The war turned the situation on the local real estate market upside down. At the beginning of 2026, the index recorded a record growth rate, and was already climbing strongly. In 2024, it increased by approximately 63%, and in 2025 by another 30%.
See also: Big business is fleeing Dubai. Offices are being evacuated
“Dubai became one of the world's main capital centers before the war. Investors from Europe, Asia and post-Soviet countries actively flocked to the city. Additionally, the market was supported by large construction investments, an influx of tourists and the active development of the financial sector. However, the situation changed dramatically at the end of February,” writes UNN.
After the first attacks on Iran, on March 1, a drone attacked Dubai International Airport. The attack damaged one of the terminals, which led to an evacuation and the operations of the main airport hub were temporarily suspended. Later, another drone crashed at the Marina Hotel in the city's tourist district.
On the same day, there was another attack near the second terminal of DXB airport, which led to another suspension of flights. Later, an Iranian drone attacked the Dubai International Financial Center (DIFC) building.
Will real estate in Dubai come back into favor like before the war?
Despite the sharp decline, some analysts believe that Dubai's real estate market has great potential for recovery. In previous years, it has repeatedly demonstrated its ability to quickly respond to crises.
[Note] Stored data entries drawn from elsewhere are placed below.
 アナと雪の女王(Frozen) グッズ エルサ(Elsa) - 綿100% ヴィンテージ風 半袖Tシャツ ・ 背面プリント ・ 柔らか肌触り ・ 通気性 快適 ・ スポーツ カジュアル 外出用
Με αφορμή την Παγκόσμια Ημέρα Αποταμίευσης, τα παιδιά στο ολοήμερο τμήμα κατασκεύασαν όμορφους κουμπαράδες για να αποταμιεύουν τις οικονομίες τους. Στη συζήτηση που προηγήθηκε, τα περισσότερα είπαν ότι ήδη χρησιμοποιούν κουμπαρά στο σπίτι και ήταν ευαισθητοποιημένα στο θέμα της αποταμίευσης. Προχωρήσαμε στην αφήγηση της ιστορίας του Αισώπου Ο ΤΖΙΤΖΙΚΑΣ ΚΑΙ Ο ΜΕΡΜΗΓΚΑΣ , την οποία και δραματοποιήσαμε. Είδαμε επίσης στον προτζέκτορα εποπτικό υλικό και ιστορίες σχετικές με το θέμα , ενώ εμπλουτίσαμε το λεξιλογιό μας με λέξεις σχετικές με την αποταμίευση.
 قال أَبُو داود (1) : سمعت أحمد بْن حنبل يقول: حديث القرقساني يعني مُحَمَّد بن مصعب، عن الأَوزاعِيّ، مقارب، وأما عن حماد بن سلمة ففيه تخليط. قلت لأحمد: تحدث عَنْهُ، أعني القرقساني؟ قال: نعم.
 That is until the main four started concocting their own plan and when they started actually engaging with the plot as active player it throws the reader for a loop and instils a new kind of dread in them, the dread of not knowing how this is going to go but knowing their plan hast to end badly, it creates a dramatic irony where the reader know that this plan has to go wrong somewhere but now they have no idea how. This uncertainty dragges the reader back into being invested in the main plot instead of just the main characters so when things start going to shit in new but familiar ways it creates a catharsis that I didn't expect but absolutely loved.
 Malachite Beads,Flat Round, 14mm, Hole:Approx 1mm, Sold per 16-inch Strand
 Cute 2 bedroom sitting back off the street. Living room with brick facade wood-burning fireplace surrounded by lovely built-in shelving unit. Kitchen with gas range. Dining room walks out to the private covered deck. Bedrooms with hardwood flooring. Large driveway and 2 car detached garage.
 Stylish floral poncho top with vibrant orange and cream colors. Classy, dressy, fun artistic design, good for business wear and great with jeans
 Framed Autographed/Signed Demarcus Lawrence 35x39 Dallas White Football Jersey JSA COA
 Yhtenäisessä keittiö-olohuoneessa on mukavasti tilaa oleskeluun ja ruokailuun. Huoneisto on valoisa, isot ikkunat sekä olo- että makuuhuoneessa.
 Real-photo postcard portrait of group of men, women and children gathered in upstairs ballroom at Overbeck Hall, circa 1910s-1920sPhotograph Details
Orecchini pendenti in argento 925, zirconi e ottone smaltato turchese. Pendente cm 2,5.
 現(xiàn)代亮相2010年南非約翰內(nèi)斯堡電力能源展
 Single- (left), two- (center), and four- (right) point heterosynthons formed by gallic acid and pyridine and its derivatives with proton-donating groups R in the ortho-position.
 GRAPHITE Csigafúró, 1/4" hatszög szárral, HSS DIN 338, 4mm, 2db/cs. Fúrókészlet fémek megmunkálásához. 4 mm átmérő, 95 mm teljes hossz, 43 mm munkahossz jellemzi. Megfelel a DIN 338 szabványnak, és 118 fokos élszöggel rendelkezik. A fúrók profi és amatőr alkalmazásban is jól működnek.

“The key factor will be the further development of the conflict in the Middle East. If hostilities do not spread to other countries in the region and the security situation stabilizes, investors may return to the market quite quickly. However, in the event of a prolonged war or new attacks on the territory of the UAE, the decline may continue,” we read.
See also: This is the new reality in Dubai. Hotels reacted to the war
At the beginning of the year, the real estate market in Dubai offered investors high rates of return on rentals, ranging on average from 6 to 9 percent. annually. A key asset of this region was friendly tax systemcharacterized by no personal income tax and an attractive Golden Visa program for buyers of real estate of a certain value.
Although recent geopolitical tensions and drone attacks in the region are causing temporary uncertainty in financial markets, the fundamental demand for luxury assets in Dubai is highly resistant to crises. However, investors must take into account the risk of oversupply of new premises, which, according to analyst forecasts, may lead to price corrections in some market segments this year.
Nevertheless, modern solutions, such as the recently introduced real estate tokenization, are constantly lowering the entry threshold and can attract new capital from around the world.